Essentially, you want to tackle big questions that are difficult to answer but build your case as a solution to a problem. You can’t just talk about yourself in your white paper. You have to make your story larger by talking about trends in your marketplace and industry, all while weaving in bits and pieces that present you as a viable solution.
Back up your claims
You might have a team of experts in your organization, and that is all well and good — be sure to utilize them. Know, though, that you can’t only back up your claims with in-house points of view. You can say all you want that preventive care is the solution to our nation’s problems, but unless you back it up with credible research, you’re not really substantiating your claim.
Given the more formal air of a white paper (versus, say, a blog post), you need to pick your sources carefully. You don’t want to send your prospects, potential partners, or investors to claims made on Wikipedia or to small-scale polls with questionable credibility. Garner the most credible research at your disposal, and your message will come across all the more authoritative.
Consider your title
You worked hard to draft a compelling case, so do your white paper justice by titling it appropriately. Whatever you do, don’t include the words “white paper” in your title. Give it a name that conveys something about your paper’s key points and motivates audiences to read it. Also make it easy to find (meaning search engine optimized). And know that if you include your product name, your white paper will likely come across as sales collateral.
Put yourself in the mindset of your target audiences — what information would galvanize them to think seriously enough about the subject of your white paper to push them toward consideration of your product or service? Title your white paper accordingly.
Include an executive summary
Your white paper is a chance to explore a relevant topic at length, but you can’t expect everyone to read it in full. We live in a hectic world, and your white paper is up against countless other white papers, blog posts, eBooks, emails, and so on. Be sure to include an executive overview that summarizes key points.
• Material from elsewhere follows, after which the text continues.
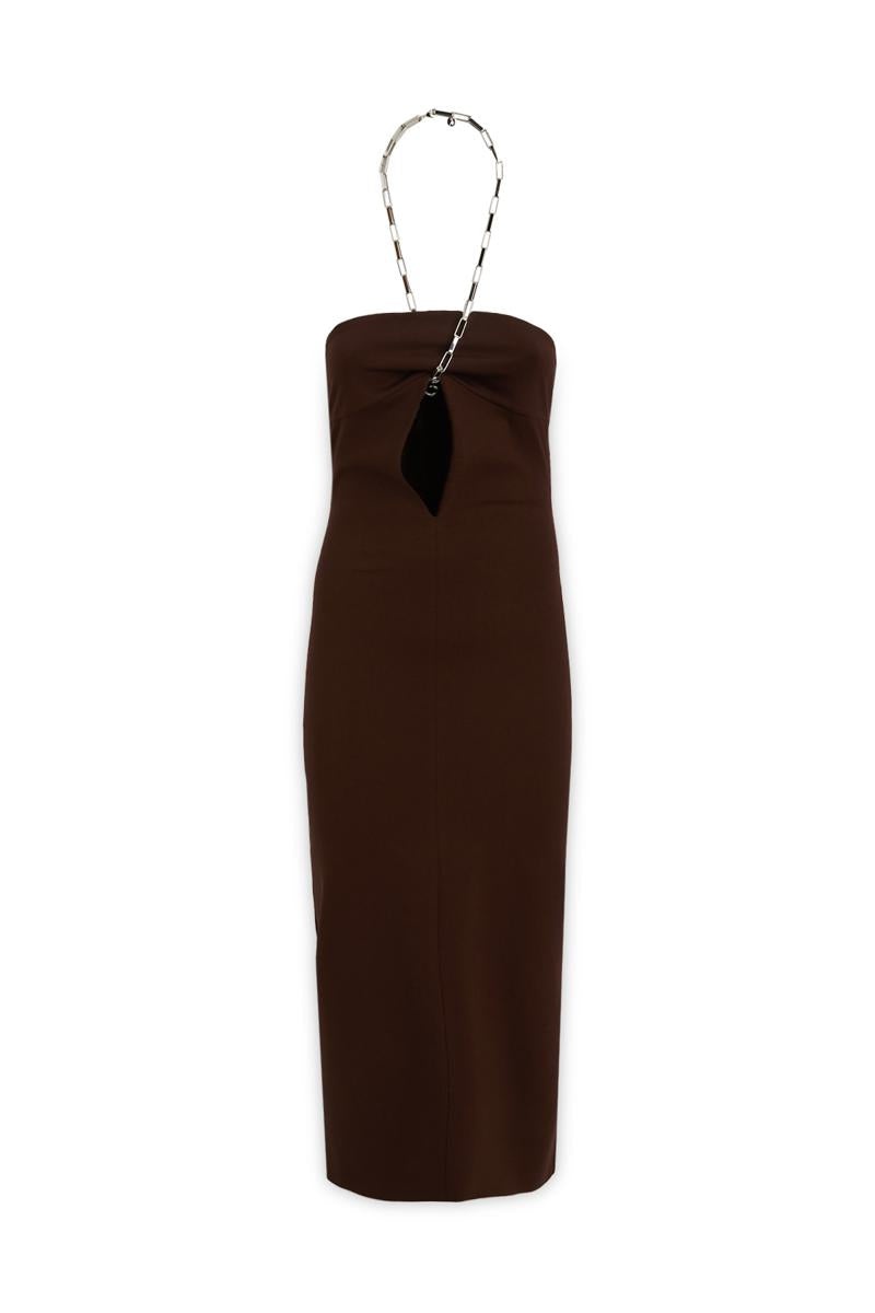 ''GIONA'' DARK BROWN MIDI DRESS
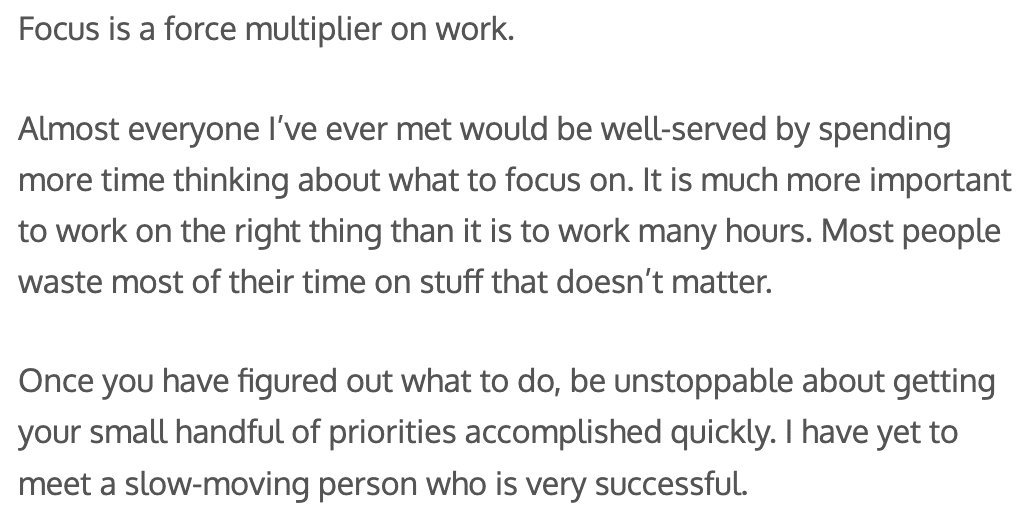 1) The greatest focus hack is to know what you’re working on, why you’re working on it, when it needs to be done, and how exactly to get it done.

Probably more important than any other part of your white paper are the first few paragraphs of your executive summary, so don’t get sidetracked with basic information about your company or product — assume your readers know this already, and work your way to the crux of your argument. At the same time (and this is where it gets tricky), don’t attempt to summarize absolutely everything and give your readers no reason to continue. Tease the reader a little — make it interesting enough for your audience to want to read on and keep learning about whatever it is you’re saying.
Market your work
While you will want your white paper to remain available on your website, probably with a landing page to capture a reader’s contact information before they can download it, don’t forget to let people know it’s there. Create some buzz by creating a campaign around your new white paper. Write a blog post about it, send an email to your client and prospect list, and distribute it across your social media properties (and ask your colleagues to distribute through their networks, too). Then make sure your content is easy to find on your site, preferably on your home page while it’s still new.
Remember, your white paper needs to educate and serve a specific purpose. It needs to be substantiated by solid research and real-life relevance. Built solidly, it can be a useful tool to deepen your relationship with your prospects.